Israël. 1000 startups lancées par des ex de l’Unité 8200.

Un article de Stéphane Benoit-Godet. (Le Temps). Une incorporation dans l’Unité 8200 fait l’objet d’un processus de sélection exigeant. «Le processus débute quand on a environ 17 ans. Hormis les tests de quotient intellectuel, l’armée ne cherche pas des profils expérimentés, mais posés et capables d’assimiler beaucoup de choses rapidement, dont plusieurs autres langues», conclut Inbal Arieli. C’est-à-dire, apprendre à «parler» notamment différents dialectes de programmation informatique.

Depuis des décennies, les anciens de 8200 essaiment dans les start-up de la Silicon Wadi, un bassin high-tech qui se concentre autour de Haïfa, la capitale économique de l’Etat hébreu, et à Jérusalem. Cette crème de la crème technologique compterait entre 5000 et 7500 membres. C’est la plus grande unité martiale de renseignement d’Israël. On estime à 1000 le nombre de pépites lancées à ce jour par ses anciens agents secrets, version 2.0.

«L’Unité est un véritable accélérateur d’idées. CheckPoint, Waze ou encore Mirabilis ont tous été incubés chez 8200», indique Ygal*, un officier haut gradé de ce club d’entrepreneurs en puissance, financé par l’armée, et dont l’existence était classée secret d’Etat jusqu’au début des années 1990.

Une cyberécole martiale

La légendaire unité coopère avec les services de contre-espionnage étrangers, notamment américains. «Quand ils viennent en Israël, ces derniers s’étonnent souvent de voir des petits jeunes gérer seuls des projets normalement dévolus à des spécialistes beaucoup plus expérimentés. En intégrant 8200, on s’engage à travailler quotidiennement 18 heures par jour, sept jours sur sept», témoigne Ygal. Cette antichambre à «licornes» serait, paradoxalement, une hiérarchie militaire assez plate, où l’on encourage la remise en question des décisions de son supérieur. «Si l’on se trompe, mais que l’on peut justifier son erreur, personne n’est sanctionné», relève-t-il.

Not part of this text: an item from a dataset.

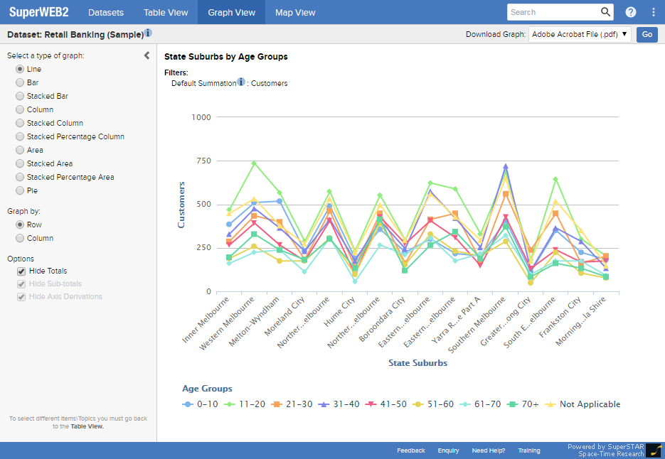 To maximise the amount of space available for viewing your graph, you can close the Customise Graph section by clicking the Close button. Click Customise Graph to open it again.

Le réseau 8200 irrigue aujourd’hui tous les secteurs high-tech de la Silicon Wadi. C’est surtout un passeport pour l’emploi, qui ouvre toutes les portes. Dont celles de Sixgill, spécialisé dans l’observation des pirates informatiques qui gravitent dans le Dark Web. «Je puise essentiellement mes nouvelles recrues parmi des vétérans de cette unité, même si je n’en ai personnellement jamais fait partie», souligne Avi Kasztan, cofondateur de l’entreprise qui affiche une croissance trimestrielle de 300% depuis son lancement en 2014.